Wednesday, October 19, 2011

I am listening to you dear boy...

I hate that it's sometimes so easy to miss things that are right in front of my face. For a long time now Pollito has been telling me (not in so many words) that he needs to be near me and closely supervised. I ignored it and just refused to listen. So he screamed louder and louder with behaviors that were worsening by the minute.

Last week I (finally) put my foot down after the umpteenth time of his willfully destroying something.  I told him I heard him! I heard that he didn't want to play in the play area unsupervised. I heard that he didn't want to play outside unsupervised. I heard that he didn't want/know how to be nice to younger children if he wasn't supervised. I heard that if he was told to be mindful of something, it was an invitation that he break it, damage it, destroy it,  or get it stuck in something. I heard that he needed to be near me at all times.

Then I took away "everything." Playing outside with the toys. Playing inside with the toys. Playing with the other children. For a week. It doesn't matter what he did or if the offenses meet the "punishment." (They do and they don't. ) It matters that I took advantage of an opportunity to make his world a little smaller (which I actually didn't think was possible) and take away the anxiety that all those choices, all that responsibility, all that "choice" creates for this little boy.

It has been a week (and he asked for me to extend it until this weekend by telling me that if I let him play in the play area he was going to break something of Milagro's) and he has had the BEST WEEK EVER in homeschooling. He has finally learned his numbers up to 35 and can write them accurately without looking. He remembers how to write his first AND last name. His handwriting has improved. His drawing and coloring are absolutely breath-taking. His decoding includes actually remembering consonant blends--th, sh, ch, bl, st, etc. and the sounds that oo, ou, ow, aw, au, and ing make. When he sits with his books to "read" he actually tries to sound out the words and remembers most of the words he knows.  When he plays on his mat with a few choice toys he mostly plays with them appropriately. His voice stays in the normal range for volume AND we actually understand his speech a whole lot better.  Most importantly, he seems happier. Yes, we still get the defiance and the opposition. Yes, he still tries to do the opposite of what he is asked. Yes, he still pouts and cries when there's a big transition (like bedtime) but it is so much better. And he is genuinely smiling more often.  Today he happily did  Corazon's chores because she isn't doing so well and he smiled all day long.

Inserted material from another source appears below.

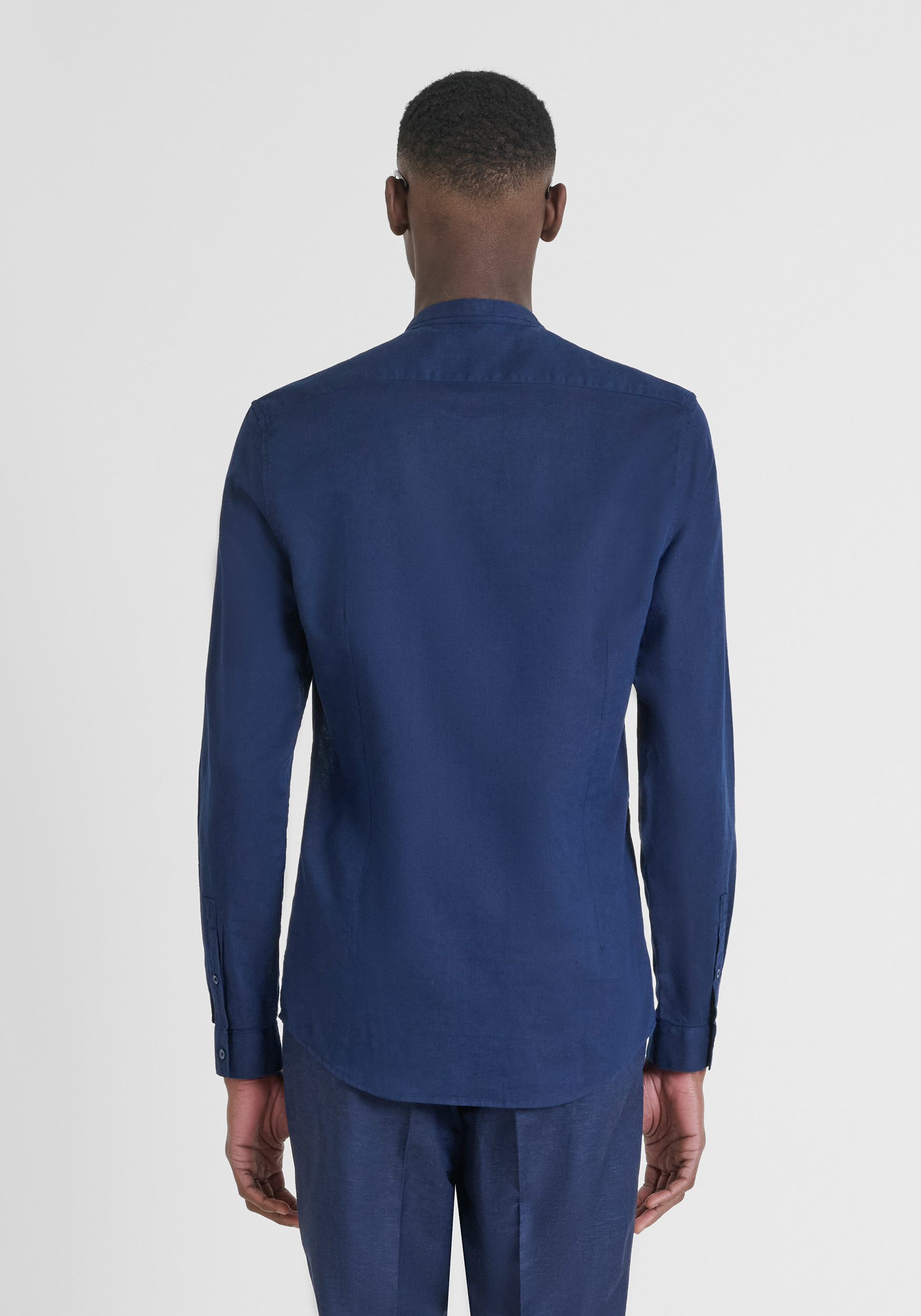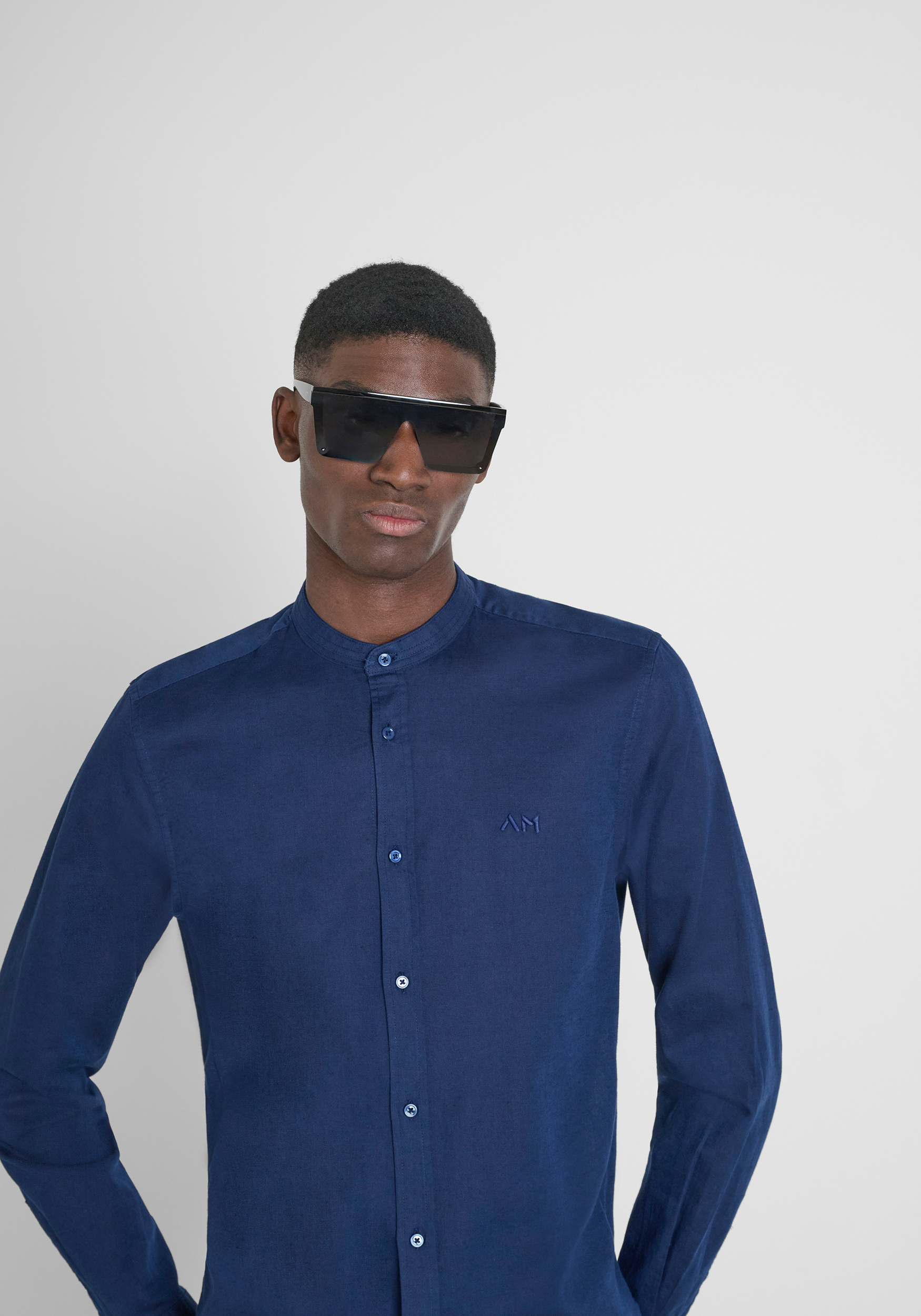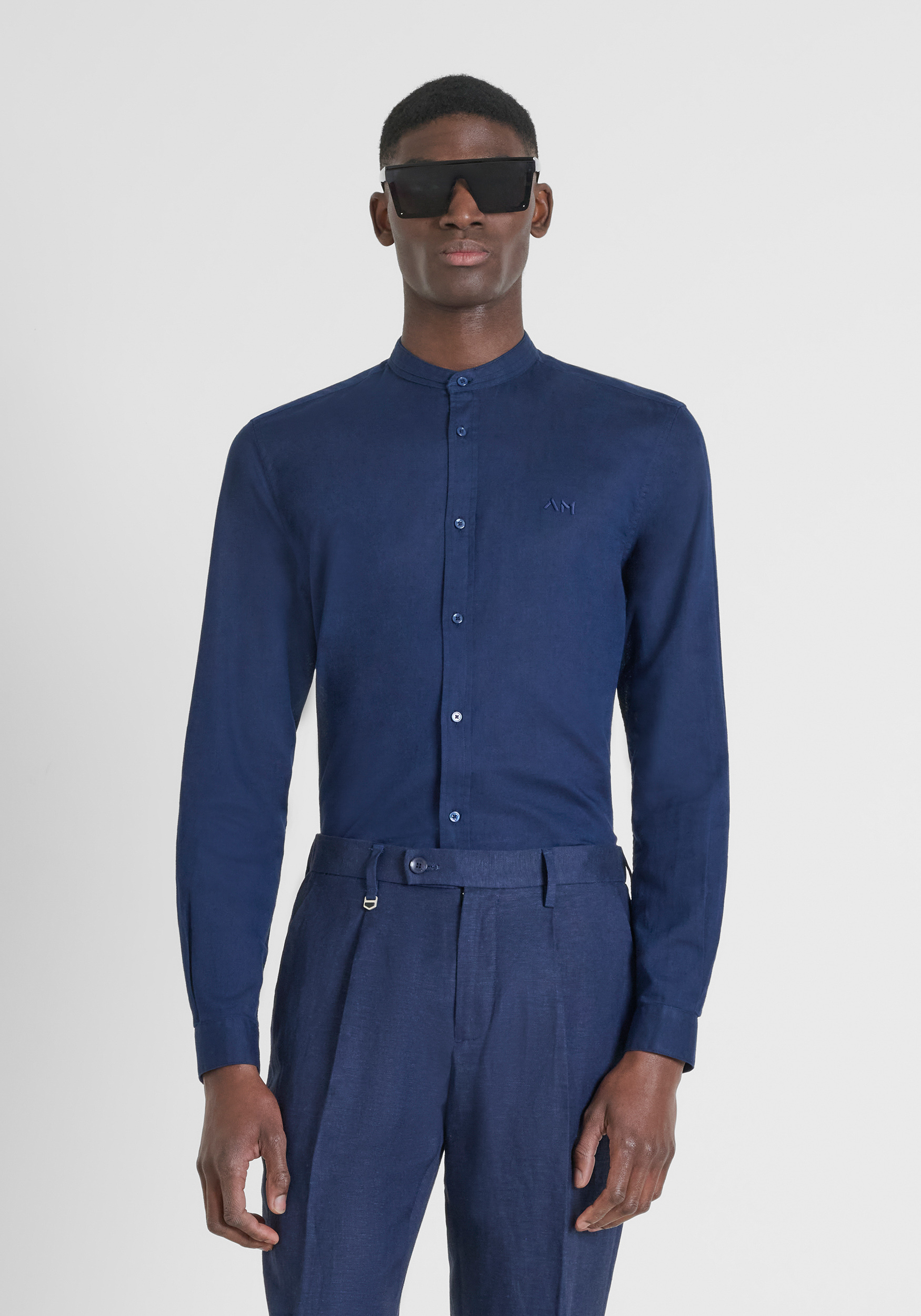 Camicia slim fit modello "Toledo", realizzata in misto cotone e lino dall'effetto morbido. Senza pince sul retro, con colletto alla coreana e polsini con chiusura a un bottone. Senza pinces sul retro, con colletto alla coreana e polsini con chiusura a un bottone. Piccolo logo Antony Morato ricamato sul petto. Questa camicia è la perfetta alleata per tutti i tuoi look, come sotto giacca o portata da sola.

He was letting me know that he needed ME. I have resisted this with all of my being because he doesn't have RAD. Yes, he has some attachment issues and probably some form of ODD coupled with language development challenges. But since my other two with RAD need CONSTANT supervision and monitoring, I had let this go on for way too long. So now we are making his world a whole lot smaller and we are making gains quickly and steadily.

I hate it when I don't listen to what my kids are really saying.

Lesson learned.

Again.

4 comments:

matryoshka said...

I also see a difference when the world becomes smaller. Jupiter's world got smaller this week when on Monday she pushed over a one yar old in the morning and, when I arrived to pick her up in the afternoon, was in the throes of a screaming, door slamming, throwing dishes hissyfit. So she didn't go back to her normal afterschool care for the rest of the week at my decision. And no one gets it. And in fact the other parent that witnessed the screaming throwing hissyfit wanted to know yesterday why Jupiter wasn't there. And I couldn't figure out why she even wondered why. Unfortunately it's difficult to make her world as small as it really NEEDS to be. Which I envision as something similar to what you describe in your post. Birthday this weekend...and holidays incoming. I expect more shrinking will be necessary.

Dia por Dia said...

matryoshka,
It probably is necessary to make it super small but people don't understand. I think I especially neglect listening to his needs because the other kids issues are so HUGE and his stay in a "normal" range or at least not as overwhelming. That doesn't serve any of us. I have seen so much progress in my oldest when we really took it down to almost nothing and slowly let him regroup and begin anew. That's so not possible in the real world especially if one works and has school etc. When I first got the kids I worked full time and was a PhD student. I had 3 kids with attachment issues and a newborn and even with help there was no way for us to give them what they needed until I became a stay at home parent. Even then, the homeschooling was what made it possible to make their worlds as small as they needed to be. I hear you and I think you do the best you can and keep them super close when you are around them. It helps.

Tee said...

Though my 11 y/o doesn't have RAD, this is a great reminder that sometimes the best thing we can do is "make his world a little smaller." For kids with trauma, anxiety, etc - This is so key. Thank you - I needed that reminder.

Dia por Dia said...

Tee,
You are welcome. I need the reminder often and I am starting to think it is true for many kids without trauma too!